▶ _Source material_
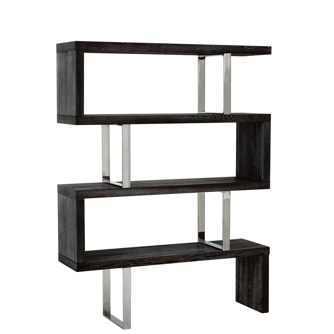 Forming modular compartments, this four-tiered shelf unit will make an instant statement with its soft industrial style. Made from sustainable elm wood in the black ash finish and stainless steel, this shelf unit creates a series of asymmetrical shelves.
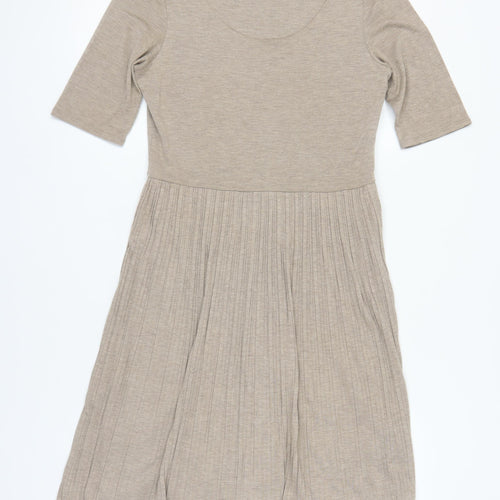 La Redoute Womens Beige Fair Isle Cotton Jumper Dress Size 8 Round Neck Pullover
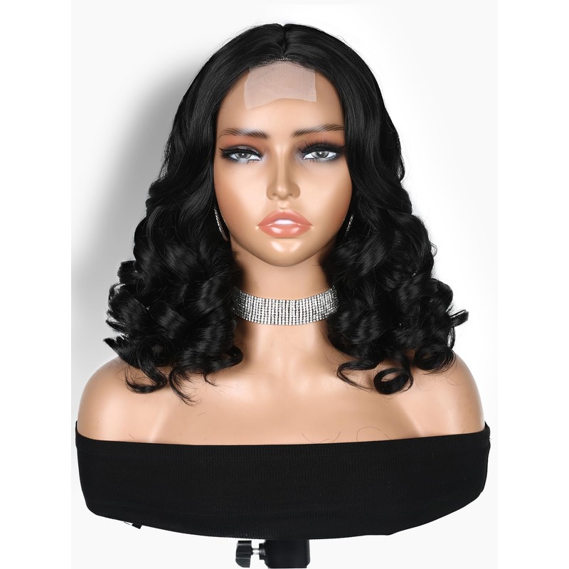 Fancy Hair Loose Wavy Wigs Bouncy Short Curly Bob Wig with Small Lace Synthetic Shoulder Length Short Wavy Wig for Black Women

▶ _Exercise requirements_
Return the material in full, word for word, and skip the pictures.

▶ _Response to the exercise_
 Forming modular compartments, this four-tiered shelf unit will make an instant statement with its soft industrial style. Made from sustainable elm wood in the black ash finish and stainless steel, this shelf unit creates a series of asymmetrical shelves.
 La Redoute Womens Beige Fair Isle Cotton Jumper Dress Size 8 Round Neck Pullover
 Fancy Hair Loose Wavy Wigs Bouncy Short Curly Bob Wig with Small Lace Synthetic Shoulder Length Short Wavy Wig for Black Women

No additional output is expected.